Make copies of any needed supplemental policies to use with the enforced base policy

Since the enforced policy was given a unique PolicyID in the previous procedure, you need to duplicate any needed supplemental policies to use with the enforced policy. Supplemental policies always inherit the Audit or Enforcement mode from the base policy they modify. If you didn't reset the enforcement base policy's PolicyID, you can skip this procedure.

  1. Initialize the variables that will be used and create a copy of the current supplemental policy.
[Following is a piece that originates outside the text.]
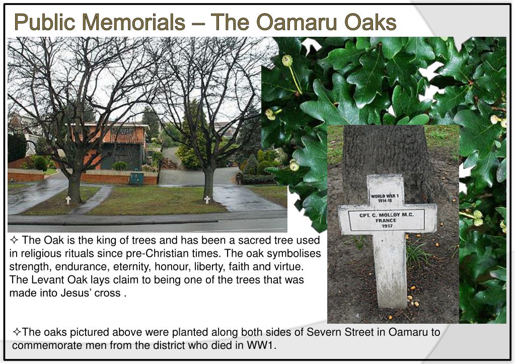 Public Memorials – The Oamaru Oaks • The Oak is the king of trees and has been a sacred tree used in religious rituals since pre-Christian times. The oak symbolises strength, endurance, eternity, honour, liberty, faith and virtue. The Levant Oak lays claim to being one of the trees that was made into Jesus’ cross. • The oaks pictured above were planted along both sides of Severn Street in Oamaru to commemorate men from the district who died in WW1.
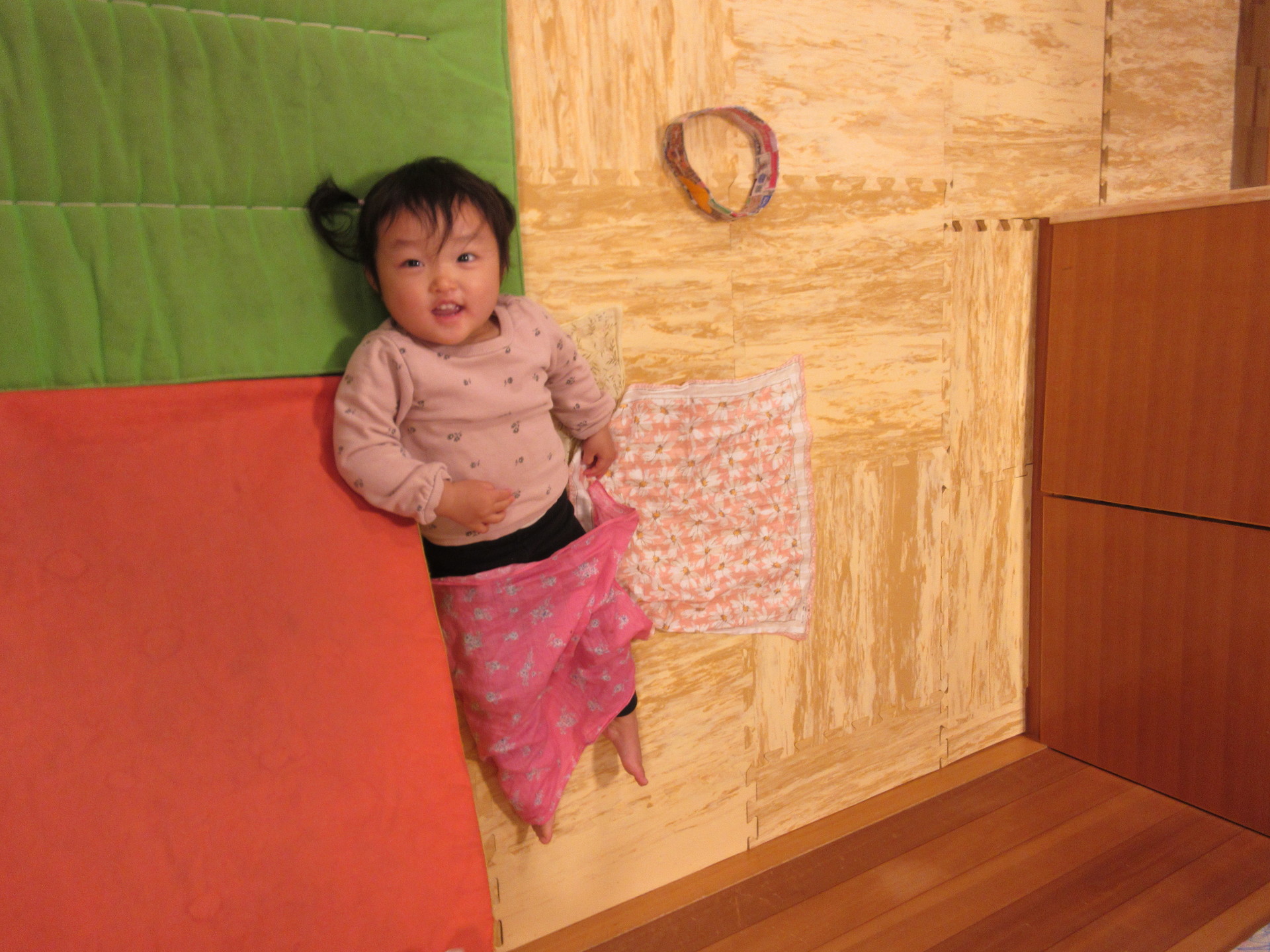 置いて食べる真似をしていました。ハンカチ一枚が子ども達の表現の幅を広げてくれることを感じます。

Some variables and files from the previous procedure will also be used.

    $SupplementalPolicyName = "Lamna_Supplemental1"
    $CurrentSupplementalPolicy = $env:USERPROFILE+"\Desktop\"+$SupplementalPolicyName+"_Audit.xml"
    $EnforcedSupplementalPolicy = $env:USERPROFILE+"\Desktop\"+$SupplementalPolicyName+"_Enforced.xml"
    
  2. Use Set-CIPolicyIdInfo to give the new supplemental policy a unique ID and descriptive name, and change which base policy to supplement.

    $SupplementalPolicyID = Set-CIPolicyIdInfo -FilePath $EnforcedSupplementalPolicy -PolicyName $SupplementalPolicyName -SupplementsBasePolicyID $EnforcedPolicyID -BasePolicyToSupplementPath $EnforcedPolicyXML -ResetPolicyID
    $SupplementalPolicyID = $SupplementalPolicyID.Substring(11)
    

    Note

    If Set-CIPolicyIdInfo does not output the new PolicyID value on your Windows 10 version, you will need to obtain the PolicyId value from the XML directly.

  3. Use ConvertFrom-CIPolicy to convert the new Windows Defender Application Control supplemental policy to binary:

    $EnforcedSuppPolicyBinary = $env:USERPROFILE+"\Desktop\"+$SupplementalPolicyName+"_"+$SupplementalPolicyID+".xml"
    ConvertFrom-CIPolicy $EnforcedSupplementalPolicy $EnforcedSuppPolicyBinary
    
  4. Repeat the steps above if you have other supplemental policies to update.

Deploy your enforced policy and supplemental policies

Now that your base policy is in enforced mode, you can begin to deploy it to your managed endpoints. For information about deploying policies, see Deploying Windows Defender Application Control (WDAC) policies.